Abstract Body (Do not enter title and authors here): Introduction/Background:
Peripheral artery disease (PAD) affects over 113 million people globally and is a major cause of limb loss, particularly diabetic patients. GLP-1 receptor agonists (GLP-1RAs) have shown to improve glycemic control, reduce weight, modestly lower blood pressure, and reduce major adverse cardiovascular events. Emerging evidence suggests a possible reduction in PAD-related events with GLP-1RA therapy, but the mechanisms remain unclear.
Research Question/Hypothesis:
We evaluate whether trial-level reductions in systolic blood pressure (ΔSBP), HbA1c (ΔHbA1c), or body weight (ΔWeight) predict improvements in PAD outcomes across GLP-1RA cardiovascular outcome trials.
Methods/Approach:
A PRISMA-based systematic search identified 8 randomized placebo-controlled GLP-1RA trials reporting PAD outcomes (major amputation, critical limb ischemia, or revascularization). For each trial, we extracted placebo-adjusted changes in SBP (mmHg), HbA1c (%), and body weight (kg), along with hazard ratios (HRs) for PAD events. We performed both univariable and multivariable inverse-variance–weighted meta-regressions using log(HR) as the dependent variable.

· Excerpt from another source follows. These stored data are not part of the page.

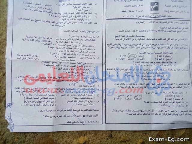 امتحان اللغة العربية للصف الاول الاعدادى الفصل الدراسي الثانى 2019 مدرسة صفى الدين
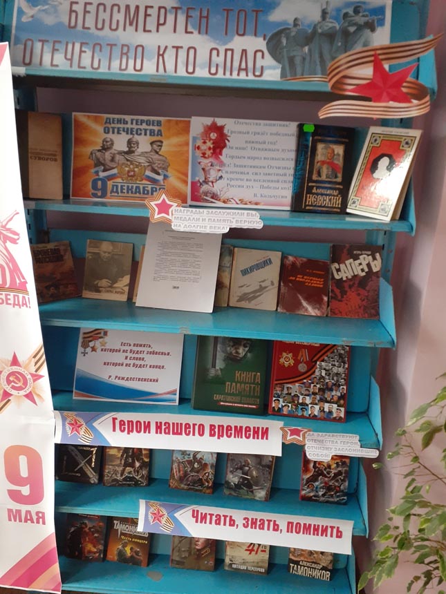 В завершении мероприятия ведущая провела обзор литературы у книжной выставки «Бессмертен тот, Отечество кто спас», познакомила с книгами о соотечественниках разных эпох и различных по званию, особое внимание было уделено тому 41 книги Памяти Саратовской области «Шагнувшим в вечность наш поклон», посвященной героизму наших земляков, отдавших жизни в ходе специальной военной операции.
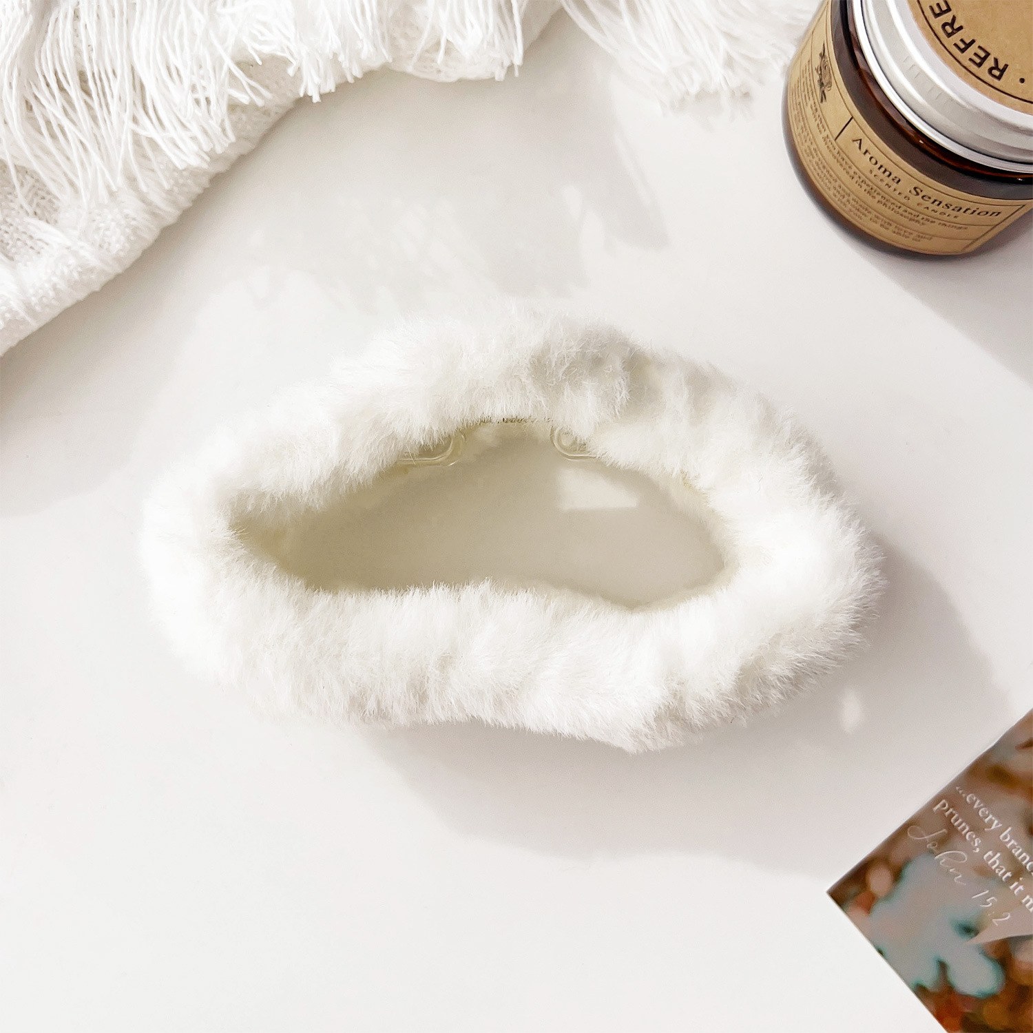 D8フェイクファーヘアバンド-クリームホワイト
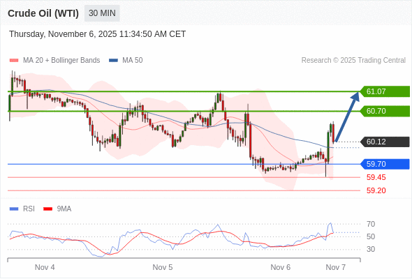 在 59.70 之上,看涨,目标价位为 60.70 ,然后为 61.07 。
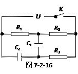 2、简答题 如图7-2-16所示,U=10V,电阻R1=3Ω,R2=2Ω,R3=5Ω,电容器的电容C1=4μF,C2=1μF,求:
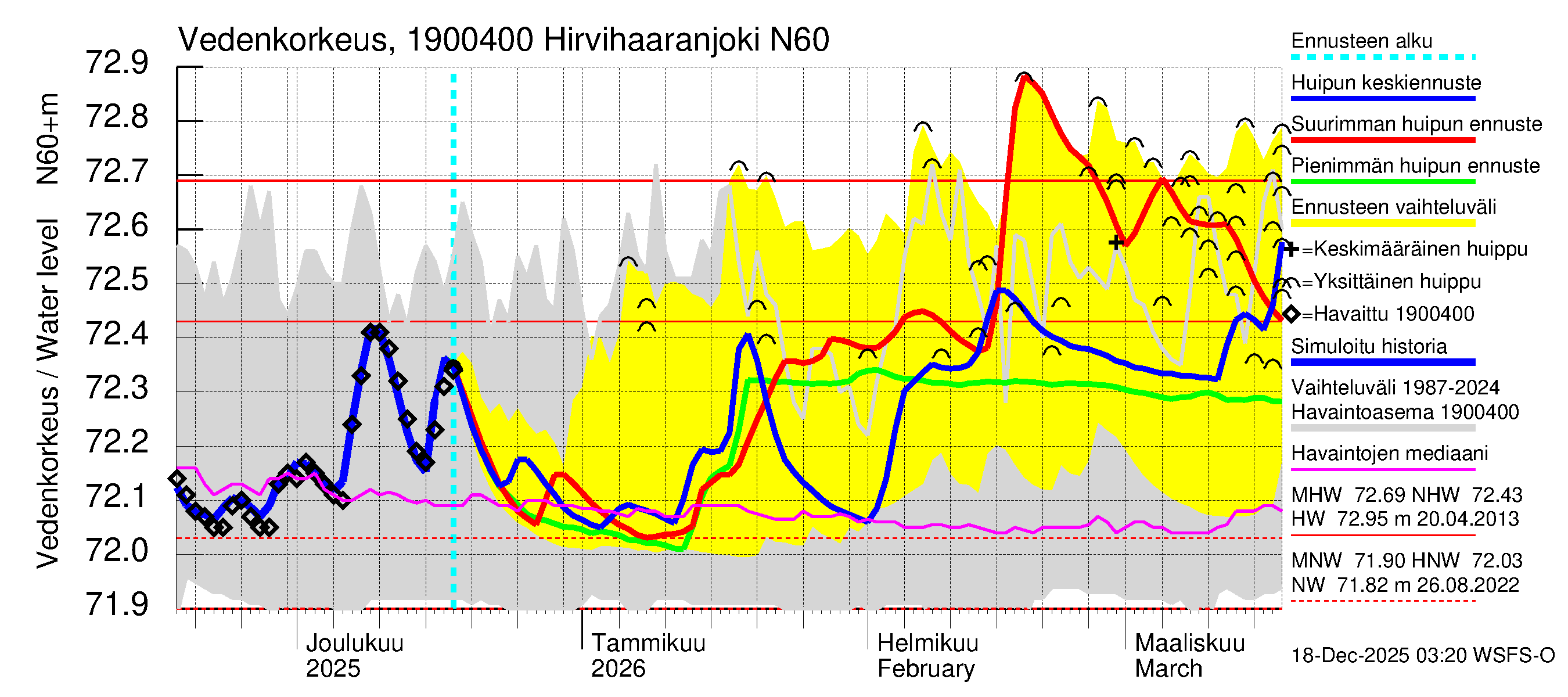 Mustijoen vesistöalue - Hirvihaaranjoki: Vedenkorkeus - huippujen keski- ja ääriennusteet
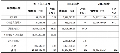公開說明書顯示,按電視劇劇目劃分,新媒誠(chéng)品收入構(gòu)成如下:
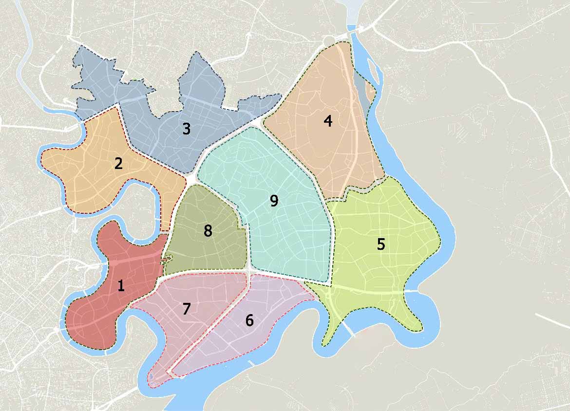 Phân vùng số 1: Thuộc các phường Thủ Thiêm, An Lợi Đông, Thảo Điền và một phần các phường An Khánh, An Phú; được giới hạn bởi các tuyến: đường Mai Chí Thọ và sông Sài Gòn, Rạch Chiếc.
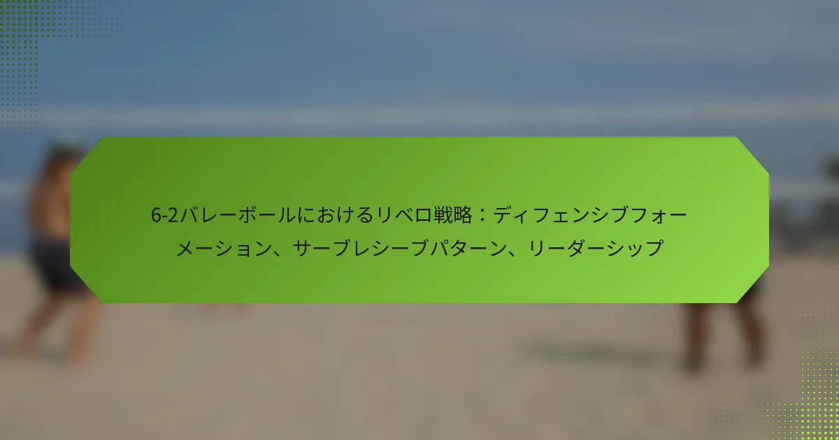 6-2バレーボールシステムにおけるリベロの高度な戦術は、防御フォーメーションの最適化、サーブレシーブパターンの改善、コート上での効果的なリーダーシップの育成に焦点を当てています。これらの戦略を採用することで、リベロはパフォーマンスを大幅に向上させ、チームの全体的な成功に貢献することができます。
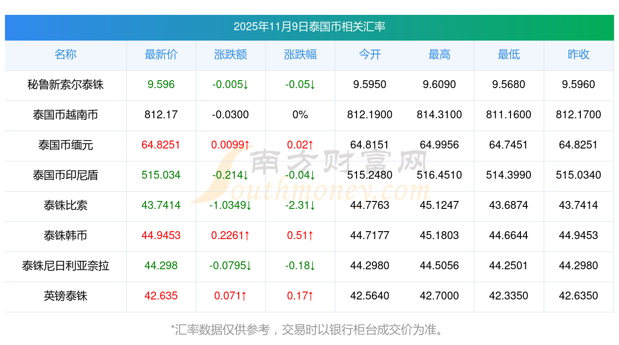 2025年11月9日泰國(guó)幣相關(guān)匯率查詢
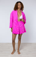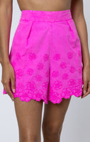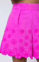 Fuchsia Poplin City Shorts with Floral Cord Embroidery
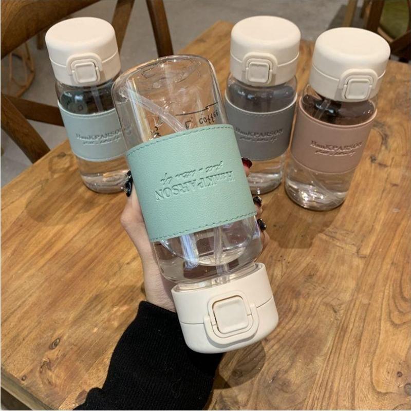Бутылка для воды 500 мл с трубочкой, портативная прозрачная, герметичная, для питья, для путешествий, офиса, для кофе, чая, бутылка для воды
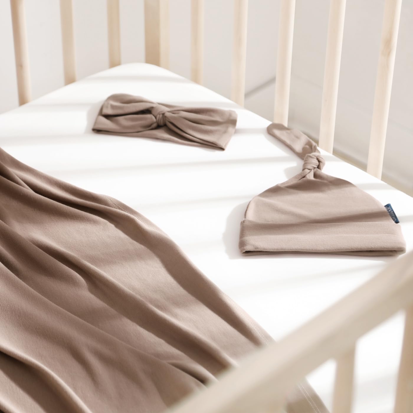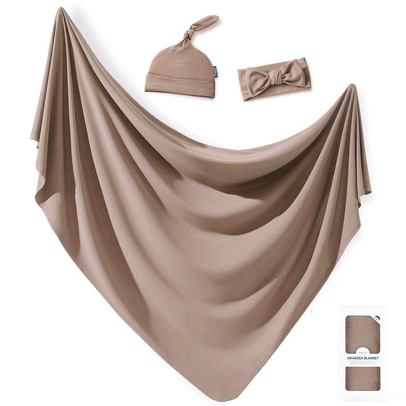 GRSSDER Newborn Swaddle Blanket, Ultra Soft Jersey Receiving Blanket with Matching Headband and Beanie Set, 47×47" Extra Large Nursery Stretchy Swaddle Wrap for Girls and Boys
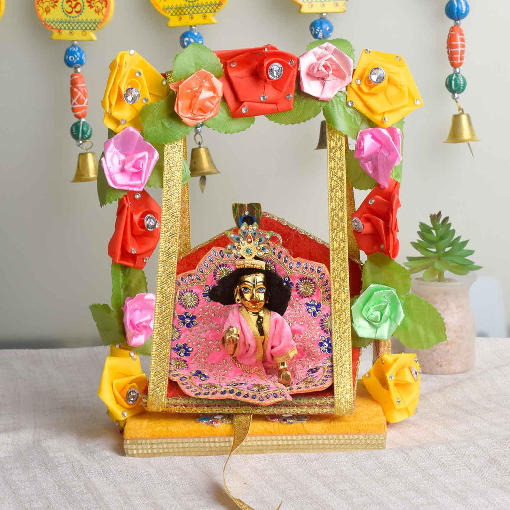 Bring a touch of elegance and vibrancy to your Laddu Gopal's abode with our Laddu Gopal Phool Bangla. These intricately designed floral canopies add a beautiful backdrop to your deity's altar, enhancing the overall spiritual ambiance. - Laddu Gopal Singhasan:
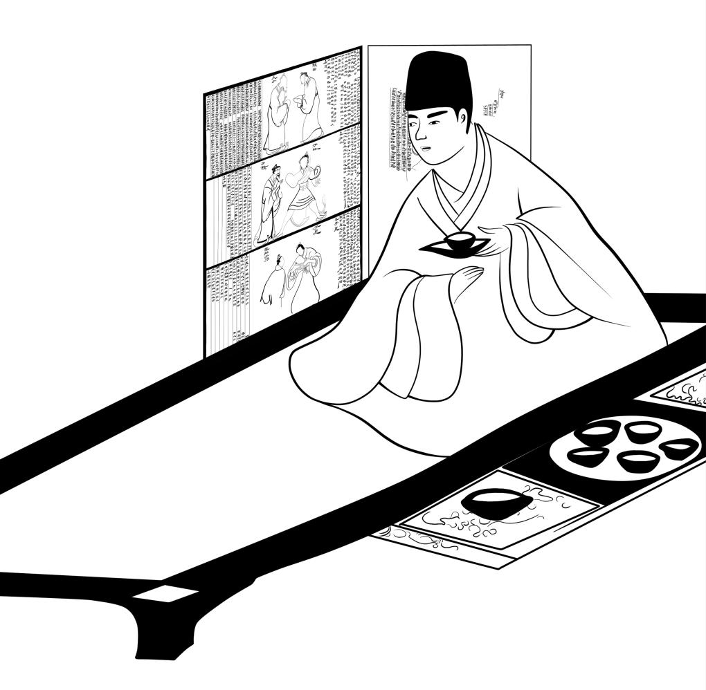 孔子徒人圖漆衣鏡使用方式復原圖。 王楚寧提供
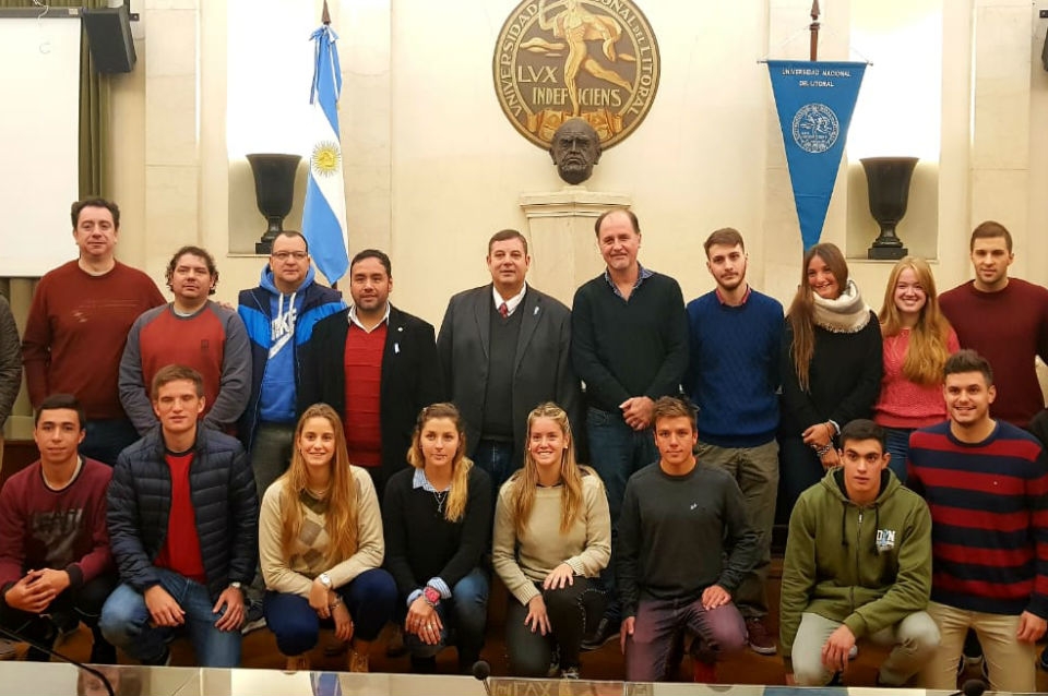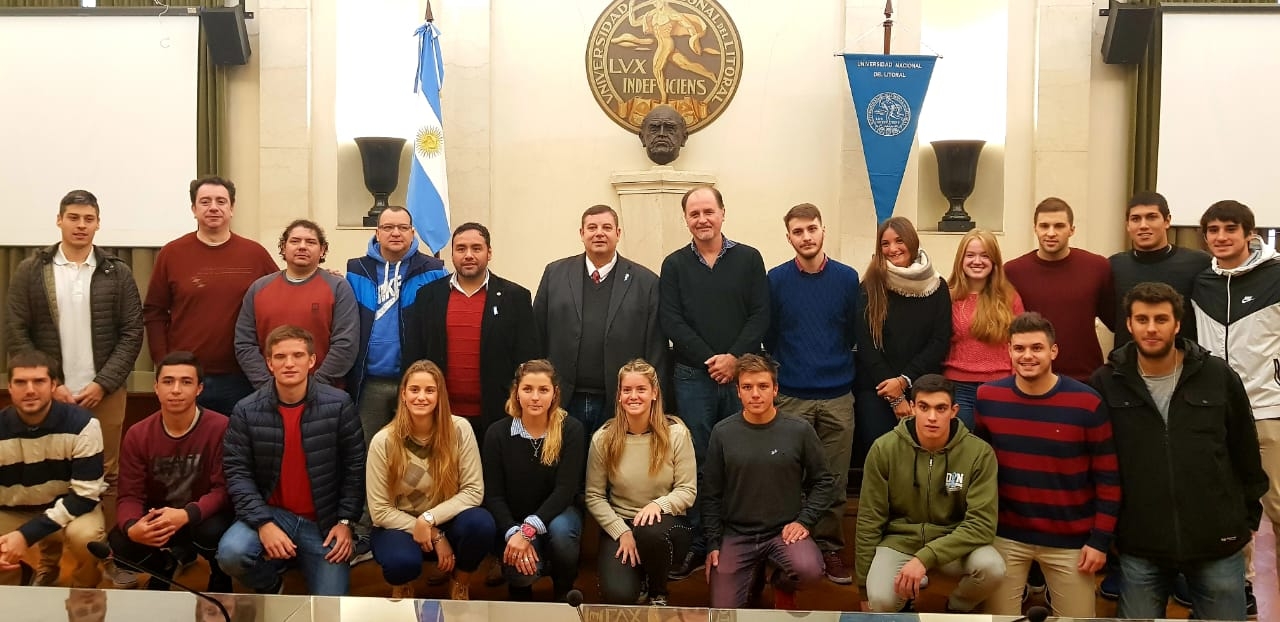 Parte de la delegación que participó de la final nacional de los Juegos Universitarios 2018, realizados hace unos días atrás en Buenos Aires, fueron recibidos por el rector de la Universidad Nacional del Litoral (UNL), Enrique Mammarella, esta mañana en el Consejo Superior.
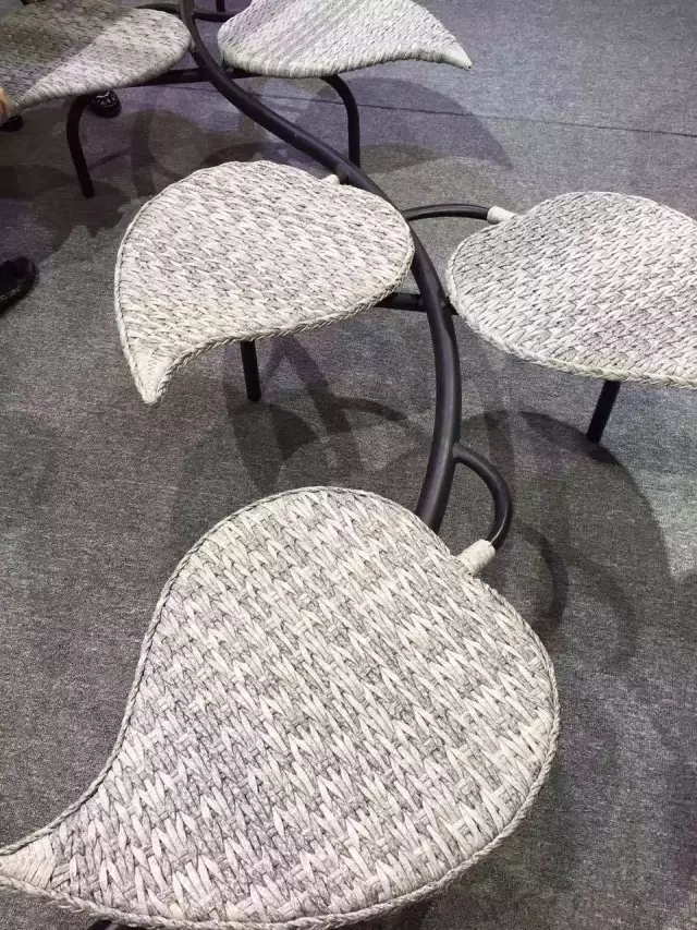 杜玛:现场摆放的产品几乎都是度假系列的户外产品,采用编织工艺,目前投放市场主要为包括成都,杭州在内的一线和新一线城市。
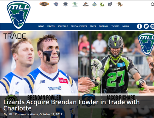 BOSTON (October 12, 2017) – The New York Lizards on Thursday acquired faceoff specialist Brendan Fowler from the Charlotte Hounds in exchange for midfielder Jacob Richard and a second-round selection in the 2018 MLL Collegiate Draft.Fowler, 25, is a two-time All-Star who has spent all four of his professional seasons in Charlotte. Last year, he won 156 of 328 faceoffs (48%) and tallied career highs in goals (9), assists (4) and points (13). He won a career-best 50 percent (207 of 411) of his faceoffs in 2015 and has won 49 percent of his faceoffs (583 of 1199) in his career. Drafted by Charlotte out of Duke with the 13th pick in the 2014 Collegiate Draft, Fowler registered 14 goals and seven assists for 21 points in 45 career games for the Hounds. He is a native of Wantagh, N.Y. and attended Chaminade High School, which is approximately five miles away from James Shuart Stadium, the home of the Lizards.Richard, 24, appeared in 11 games for New York last season and scored two goals with 14 groundballs in his second year with the club. As a rookie in 2016, Richard had two goals and two assists in nine games and picked up 11 groundballs. New York selected him in the fourth round of the 2016 Collegiate Draft out of Marquette.
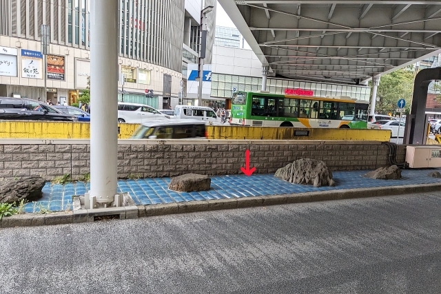 これはたぶん、新数寄屋橋の橋脚が下りてくる場所にちょっとしたスペースが必要だったということだろうか。車道にいきなり橋脚が立っていたら、夜間に車やバイクが間違ってぶつかってしまうかもしれない。だから車道自体を狭くする必要があって、すると帯状に土地が余る。殺風景なので岩でも置こう、という感じだろうか。
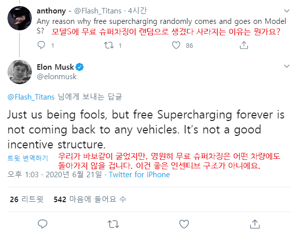 6월 21일, 한 유저가 '왜 랜덤으로 모델S에 무료 수퍼차징 옵션이 생겼다 없어졌다 하냐'고 물었더니
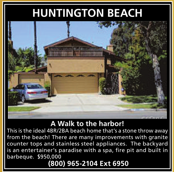 HUNTINGTON BEACH A Walk to the harbor! This is theideal 4BR/2BAbeach home that’sastone throw away from the beach! There are many improvements with granite counter tops and stainless steel appliances. The backyard is an entertainer’s paradise with a spa, fire pit and built in barbeque. $950,000 (800) 965-2104 Ext 6950 See also
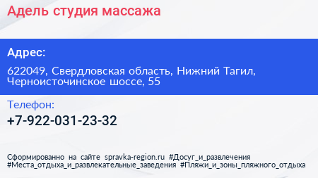 Адель, студия массажа по адресу 622049, Свердловская область, Нижний Тагил, Черноисточинское шоссе, 55 в дальнейшем Организация, размещена в следующих категориях:

A leave-one-out sensitivity analysis was used to increase robustness.
Results/Data:
Across 8 trials (N ≈ 60,000), mean changes were, ΔWeight –0.9 to –6.5 kg, ΔSBP 0 to –4 mmHg, and ΔHbA1c –0.2% to –1.3%. PAD event hazard ratios ranged from 0.65 to 1.00. In univariable meta-regression, no predictors were statistically significant (ΔWeight: β = 0.028, p = 0.39; ΔSBP: β = 0.022, p = 0.71; ΔHbA1c: β = –0.062, p = 0.74). In the multivariable model, ΔWeight showed the strongest trend toward PAD benefit (β = 0.036, p = 0.26; R²= 0.47). Leave-one-out analysis identified HARMONY trial as a source of heterogeneity; excluding it improved model fit (R²= 0.77) and strengthened the weight-PAD association (p = 0.058).
Conclusion(s):
In this meta-regression of GLP-1RA trials,only reduction in weight, not HbA1c or systolic blood pressure, was the most consistent predictor of improved PAD outcomes. Although statistical significance was not reached, sensitivity analyses suggest weight loss may mediate PAD benefits, particularly when accounting for heterogeneity across trials. These results support further exploration of GLP-1RA mediated metabolic mechanisms in PAD and underscore the need to incorporate PAD specific endpoints in future trials.